Neuromuscular scoliosis is a challenging pathology to treat. Surgical correction can involve long fusion constructs extending to the pelvis. The deformity inherent in these patients makes it difficult to obtain adequate lateral intraoperative radiographs for traditional image-guided placement of iliac screws.

Methods

A clinical and radiographic assessment of 14 patients with neuromuscular spinal deformity was conducted. From 2007 to 2013, 12 of these patients (mean age 14.25 years, range 10–20 years) underwent long spinal instrumentation (mean 15 levels, range 10–18 levels) and fusion to the pelvis, and 2 underwent placement of a growing rod construct with iliac screw placement at a single institution. The average length of follow-up was 33.7 months (range 6–64 months). Iliac screws were placed after identifying the posterior superior iliac spine and using only anteroposterior fluoroscopy (view of the inlet of the pelvis), rather than the technique of direct palpation of the sciatic notch.
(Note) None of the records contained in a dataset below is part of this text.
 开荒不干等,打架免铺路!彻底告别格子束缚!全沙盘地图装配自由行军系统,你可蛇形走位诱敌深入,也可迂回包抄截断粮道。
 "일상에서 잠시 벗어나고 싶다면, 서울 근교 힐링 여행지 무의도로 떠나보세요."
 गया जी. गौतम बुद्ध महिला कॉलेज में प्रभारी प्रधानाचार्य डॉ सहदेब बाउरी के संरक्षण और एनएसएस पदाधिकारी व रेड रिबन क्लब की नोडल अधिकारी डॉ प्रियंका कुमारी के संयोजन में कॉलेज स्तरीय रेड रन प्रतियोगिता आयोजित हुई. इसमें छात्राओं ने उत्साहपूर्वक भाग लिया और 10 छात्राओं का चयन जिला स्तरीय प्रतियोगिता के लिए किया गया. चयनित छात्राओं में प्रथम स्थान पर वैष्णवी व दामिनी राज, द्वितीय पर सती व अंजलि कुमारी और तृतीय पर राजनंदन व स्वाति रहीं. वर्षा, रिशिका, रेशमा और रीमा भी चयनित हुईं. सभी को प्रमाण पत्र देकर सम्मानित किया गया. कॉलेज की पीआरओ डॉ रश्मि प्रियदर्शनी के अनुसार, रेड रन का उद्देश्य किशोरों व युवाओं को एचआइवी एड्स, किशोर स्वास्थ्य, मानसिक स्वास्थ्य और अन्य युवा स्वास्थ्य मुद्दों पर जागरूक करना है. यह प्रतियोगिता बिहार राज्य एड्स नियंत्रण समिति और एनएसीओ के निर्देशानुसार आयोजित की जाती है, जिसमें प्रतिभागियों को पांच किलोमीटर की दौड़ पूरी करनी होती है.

The accuracy of iliac screw placement was assessed with routine postoperative CT.

Results

A total of 12 patients had 24 screws placed as part of a long-segment fusion to the pelvis, and 2 patients had two iliac screws placed as part of a growing rod construct for neuromuscular scoliosis. There were no iliac screw misplacements, and no complications directly related to the technique of iliac screw placement. For cases of definitive fusion (n = 12), the average coronal Cobb angle of patients with neuromuscular spinal deformity measured 62° before surgery and 44.3° immediately after surgery. The average preoperative thoracic kyphosis and lumbar sagittal lordosis measured 37.3° and 60.7°, respectively. Immediately after surgery, the thoracic and lumbar angles measured 30° and 41.1°, respectively. At last follow-up, the average coronal Cobb angle was maintained at 45.1°, and the thoracic and lumbar sagittal angles were maintained at 32.8° and 45.3°, respectively.

Conclusions

A less invasive technique for iliac screw placement can be performed safely with a low likelihood of screw misplacement. This technique offers the biomechanical advantages of iliac fixation without the soft tissue exposure typically needed for safe screw insertion. The technique relies on identification of the posterior superior iliac spine and high quality anteroposterior fluoroscopic imaging for a view of the pelvic inlet.

Abbreviation used in this paper:rhBMP-2 = recombinant human bone morphogenetic protein-2.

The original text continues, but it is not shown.